Training protocol for TBX11k
            with pre-training on NIH-CXR14
NIH-CXR14 PRE-TRAINING. The pre-training schematics for the advanced network trained first on the NIH-CXR14, and then fine-tuned on the target dataset (TBX11k).

These require a 2-step re-training procedure. You first need to train the models on NIH-CXR14 dataset, and then fine-tune on the TBX11k dataset. To do so, first run one of the following:

# cpu (on either macOS or Linux, but **EXTREMELY slow**)
pixi run -e default mednet experiment M_U_X.py --cache-samples --parallel=8 --output-folder=M_U_X
pixi run -e default mednet experiment M_B_X.py --cache-samples --parallel=8 --output-folder=M_B_X

# mps (on macOS with Apple Silicon)
pixi run -e default mednet experiment M_U_X.py --device=mps --cache-samples --parallel=8 --output-folder=M_U_X
pixi run -e default mednet experiment M_B_X.py --device=mps --cache-samples --parallel=8 --output-folder=M_B_X

# cuda (on Linux + Nvidia card)
pixi run -e cuda mednet experiment M_U_X.py --device=cuda --cache-samples --parallel=8 --output-folder=M_U_X
pixi run -e cuda mednet experiment M_B_X.py --device=cuda --cache-samples --parallel=8 --output-folder=M_B_X

You will need at least 10Gb of GPU (v)RAM, and 500Gb of RAM to execute these experiments. Note CPU-RAM requirements may be trimmed down if you set --no-cache-samples. The retrained models will be left at <output-folder>/model-at-lowest-validation-loss-epoch=*.ckpt.

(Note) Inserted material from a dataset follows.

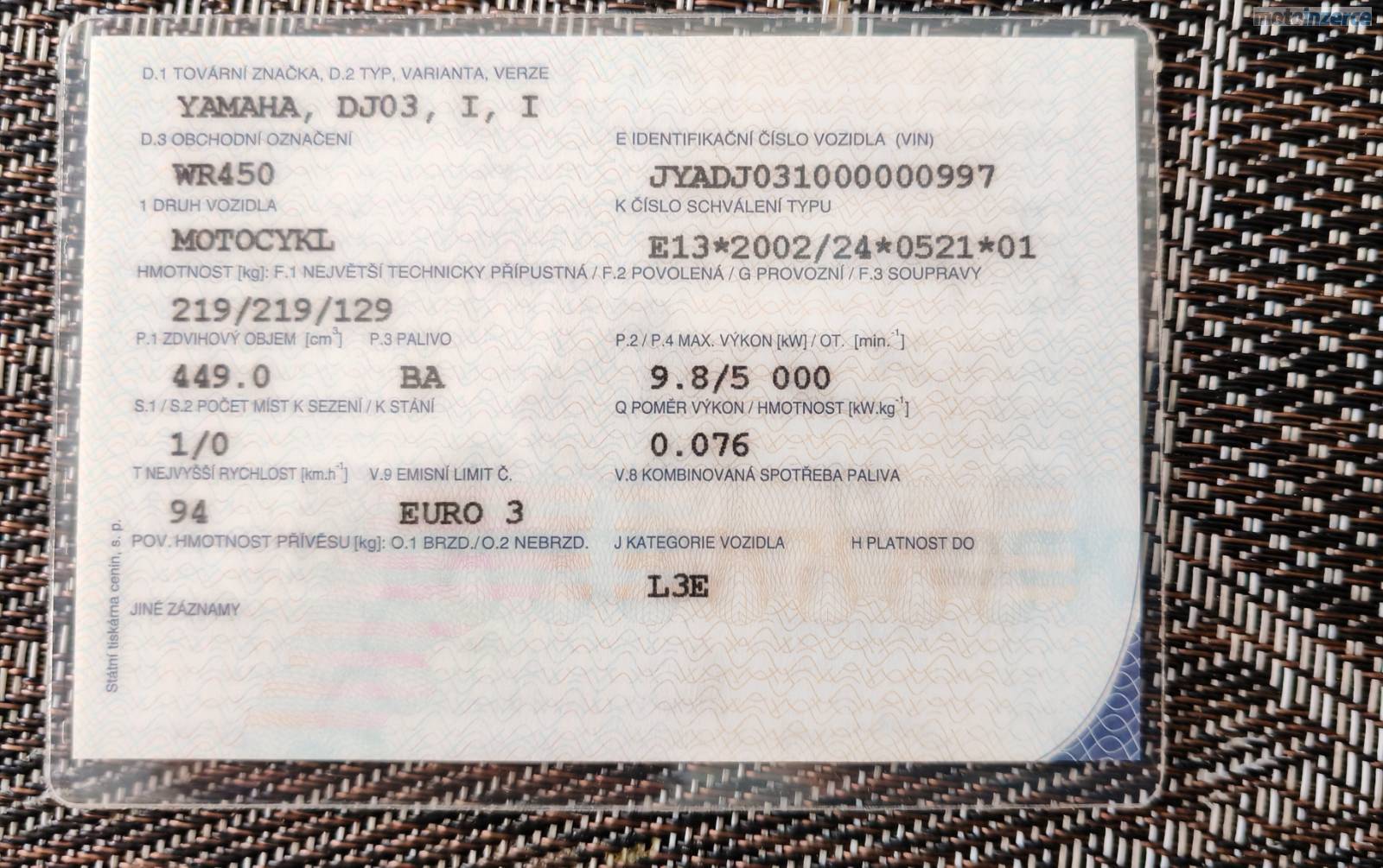 Prodám Wr 450, pravidelny servis, vše původní,

Once the base models have been re-trained, you will need to fine-tune those on the TBX11k so you reproduce published results. For example, to produce the M_B_B model, start from the weights at M_B_X/model-at-lowest-validation-loss-epoch=*.ckpt, and execute one of the following:

# cpu (on either macOS or Linux, but **EXTREMELY slow**)
pixi run -e default mednet experiment M_B.py --cache-samples --parallel=8 --initial-weights=M_B_X --output-folder=M_B_B

# mps (on macOS with Apple Silicon)
pixi run -e default mednet experiment M_B.py --device=mps --cache-samples --parallel=8 --initial-weights=M_B_X --output-folder=M_B_B

# cuda (on Linux + Nvidia card)
pixi run -e cuda mednet experiment M_B.py --device=cuda --cache-samples --parallel=8 --initial-weights=M_B_X --output-folder=M_B_B

In this last step, hardware requirements are the same as for M_* models. Repeat the evaluation procedure to account for the new model.